Work order
Please keep the images out and set down the data exactly as given.

Records from a data collection
▬▬▬

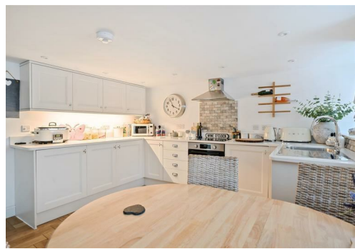
Dittisham 2.7 miles; Totnes: 5 miles, Dartmouth: 7 miles, Blackpool Sands: 8 miles
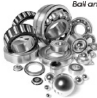
Ball and Roller Bearings
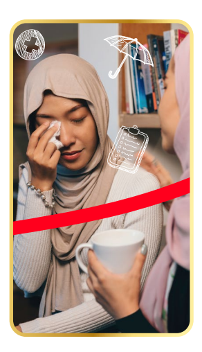
Death and Disability
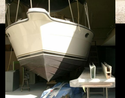
New fiberglass molded stringers being fitted to replace the built-in rotted plywood stringers on this 31' Twin Inboard
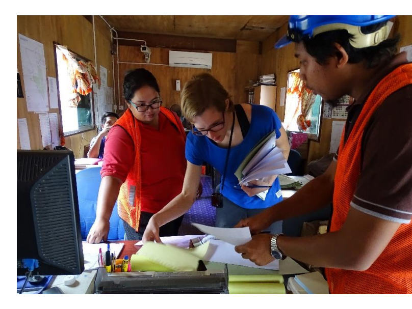
1) or 10 calendar days after the deadline of the nonaddressed nonconformity (situation 2).

After a certificate has been suspended or terminated, the company may not make any claims about conformance with the certification standard(s) and may not sell previously labelled products until certification trademarks are removed.

▬▬▬

Output below
Dittisham 2.7 miles; Totnes: 5 miles, Dartmouth: 7 miles, Blackpool Sands: 8 miles
Ball and Roller Bearings
Death and Disability
New fiberglass molded stringers being fitted to replace the built-in rotted plywood stringers on this 31' Twin Inboard
1) or 10 calendar days after the deadline of the nonaddressed nonconformity (situation 2).

After a certificate has been suspended or terminated, the company may not make any claims about conformance with the certification standard(s) and may not sell previously labelled products until certification trademarks are removed.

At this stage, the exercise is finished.